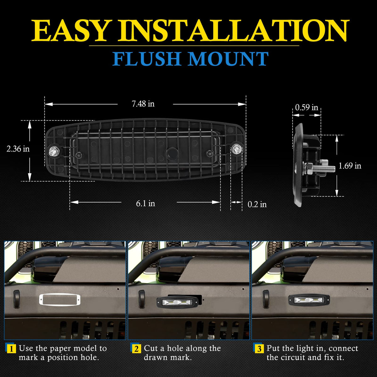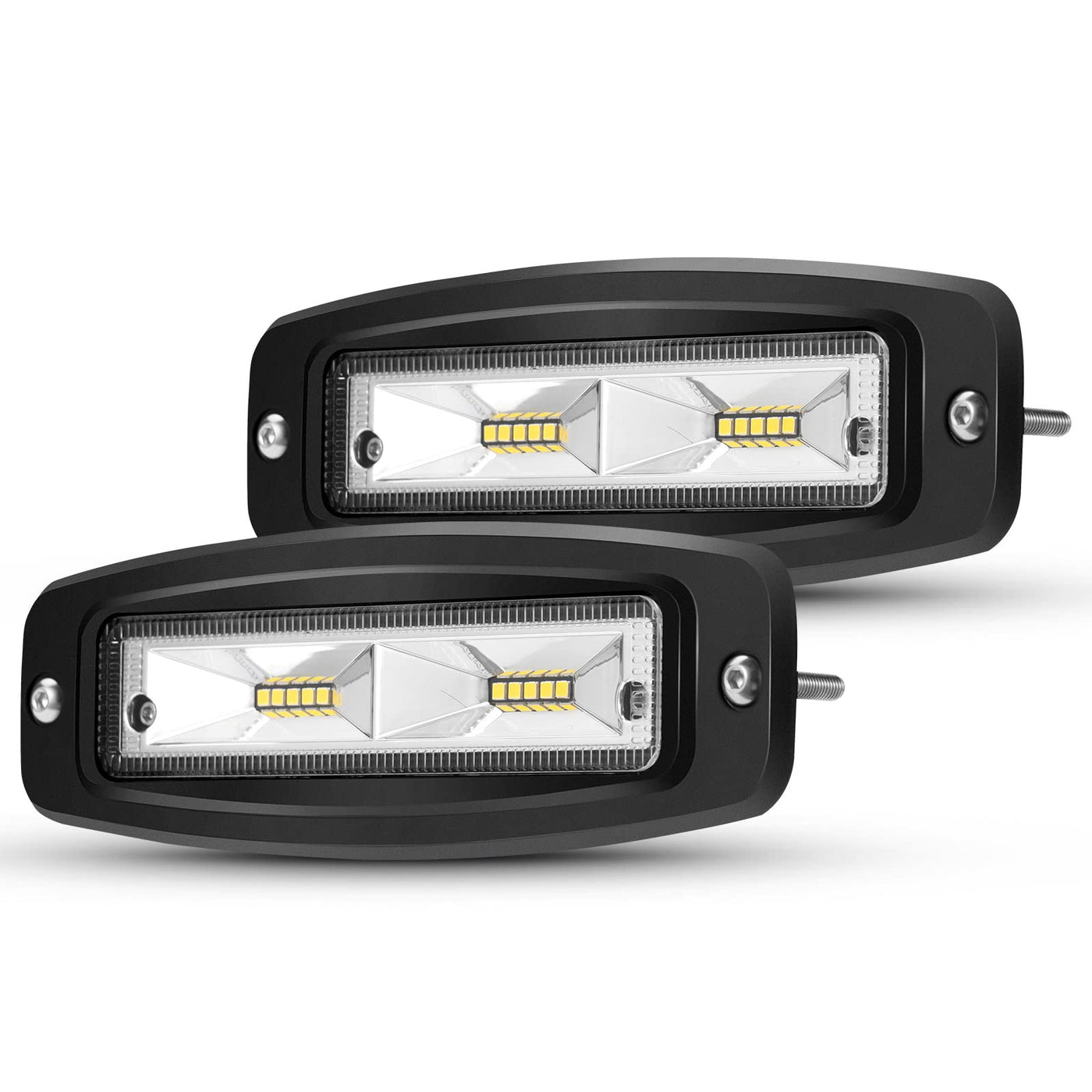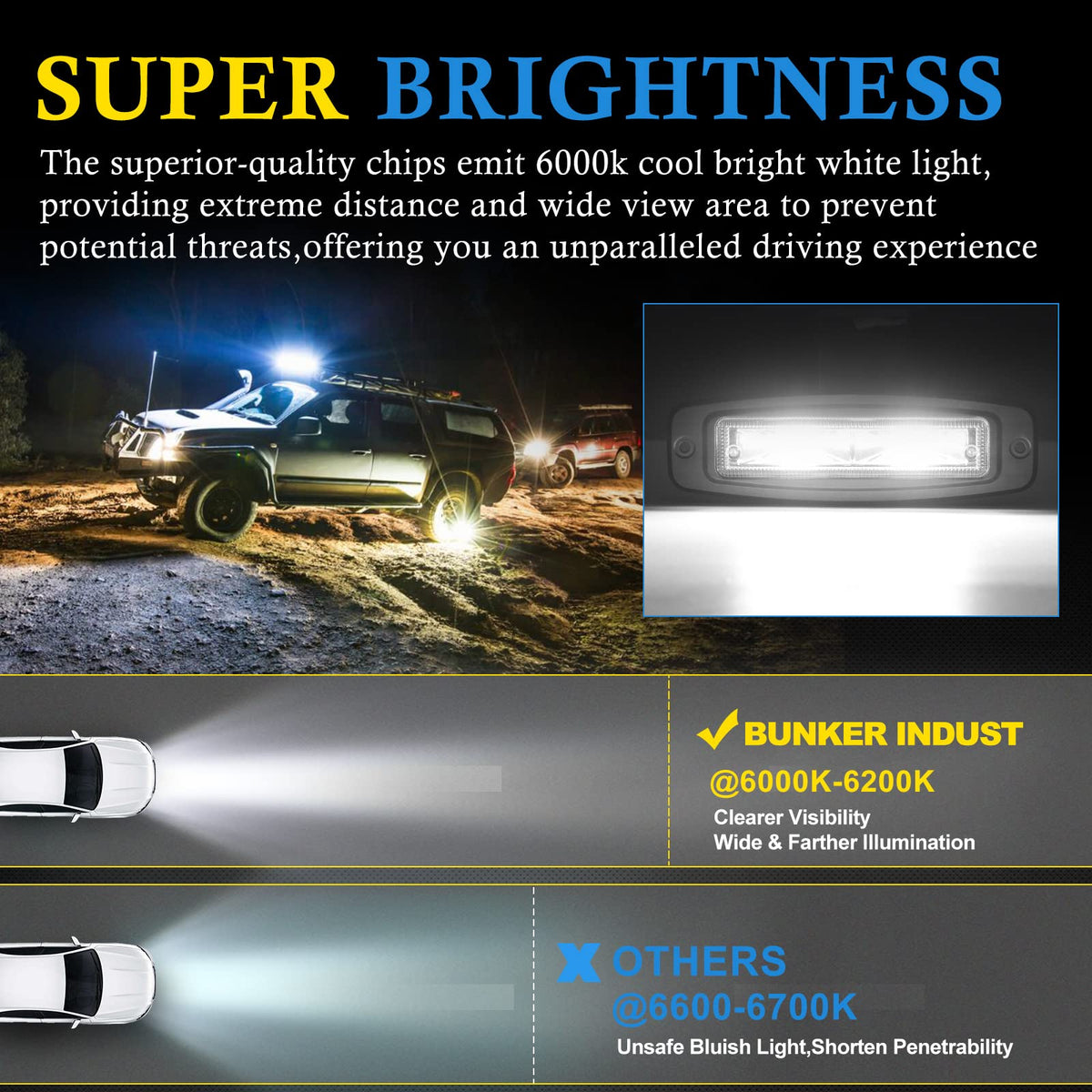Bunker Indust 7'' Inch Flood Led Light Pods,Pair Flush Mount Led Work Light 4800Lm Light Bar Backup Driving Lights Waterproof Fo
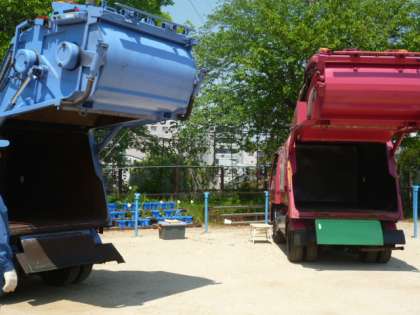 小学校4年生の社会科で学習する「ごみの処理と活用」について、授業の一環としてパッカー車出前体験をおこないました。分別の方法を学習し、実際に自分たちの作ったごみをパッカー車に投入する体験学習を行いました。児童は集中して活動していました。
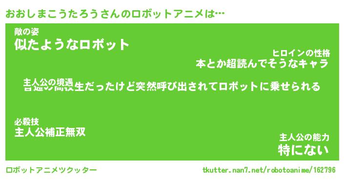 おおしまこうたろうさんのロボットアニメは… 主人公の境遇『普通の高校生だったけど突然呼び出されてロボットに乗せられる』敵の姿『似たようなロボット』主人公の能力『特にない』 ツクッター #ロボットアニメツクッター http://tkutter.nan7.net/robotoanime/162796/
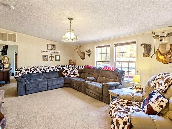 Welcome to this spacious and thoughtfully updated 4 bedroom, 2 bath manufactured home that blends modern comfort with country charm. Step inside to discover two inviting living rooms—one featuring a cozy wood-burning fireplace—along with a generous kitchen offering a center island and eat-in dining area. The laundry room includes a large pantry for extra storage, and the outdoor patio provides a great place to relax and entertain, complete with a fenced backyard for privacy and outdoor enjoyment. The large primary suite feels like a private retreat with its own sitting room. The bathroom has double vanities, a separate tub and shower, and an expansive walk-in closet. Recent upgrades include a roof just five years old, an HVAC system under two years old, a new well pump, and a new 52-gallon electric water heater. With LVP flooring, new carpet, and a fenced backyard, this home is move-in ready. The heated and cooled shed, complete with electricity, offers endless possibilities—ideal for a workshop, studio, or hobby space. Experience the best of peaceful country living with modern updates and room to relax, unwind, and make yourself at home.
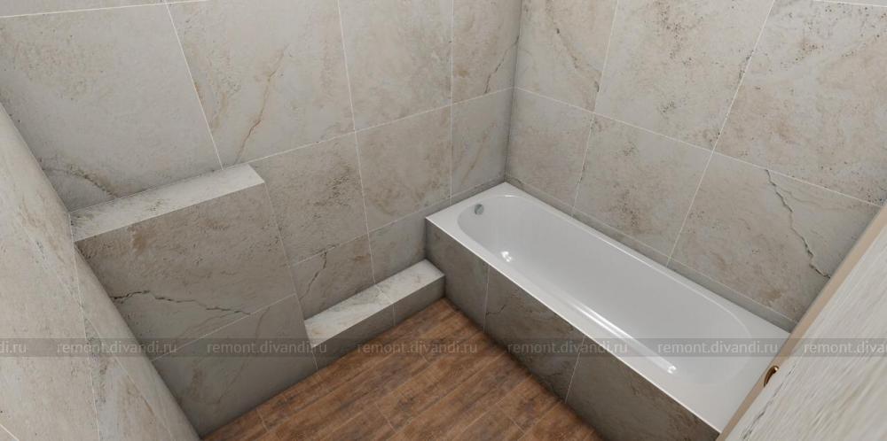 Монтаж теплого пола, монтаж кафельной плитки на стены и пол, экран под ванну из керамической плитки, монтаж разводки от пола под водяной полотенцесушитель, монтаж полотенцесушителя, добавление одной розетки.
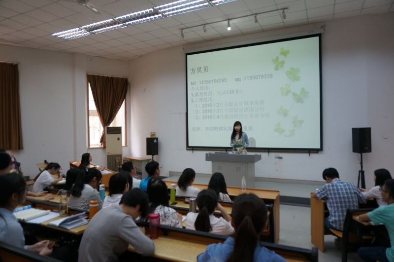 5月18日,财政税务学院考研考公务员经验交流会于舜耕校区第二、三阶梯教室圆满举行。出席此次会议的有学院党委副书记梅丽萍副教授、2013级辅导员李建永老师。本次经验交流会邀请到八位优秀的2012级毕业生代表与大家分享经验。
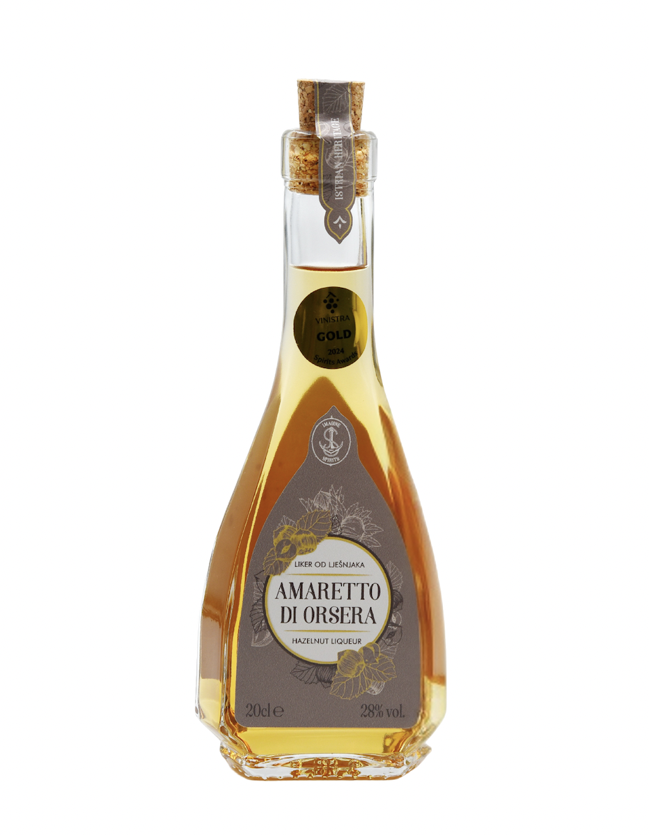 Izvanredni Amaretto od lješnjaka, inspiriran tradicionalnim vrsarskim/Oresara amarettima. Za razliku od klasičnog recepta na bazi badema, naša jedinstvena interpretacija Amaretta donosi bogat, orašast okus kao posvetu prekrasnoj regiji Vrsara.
┄┄┄┄┄┄┄┄┄┄┄┄┄┄┄┄┄┄┄┄
> Task to carry out
Please, without any of the pictures, set down exactly the lines from the beginning of the listing to the line that contains "小学校4年生の社会科で学習す", inclusive.

> Result of this task
Bunker Indust 7'' Inch Flood Led Light Pods,Pair Flush Mount Led Work Light 4800Lm Light Bar Backup Driving Lights Waterproof Fo
 小学校4年生の社会科で学習する「ごみの処理と活用」について、授業の一環としてパッカー車出前体験をおこないました。分別の方法を学習し、実際に自分たちの作ったごみをパッカー車に投入する体験学習を行いました。児童は集中して活動していました。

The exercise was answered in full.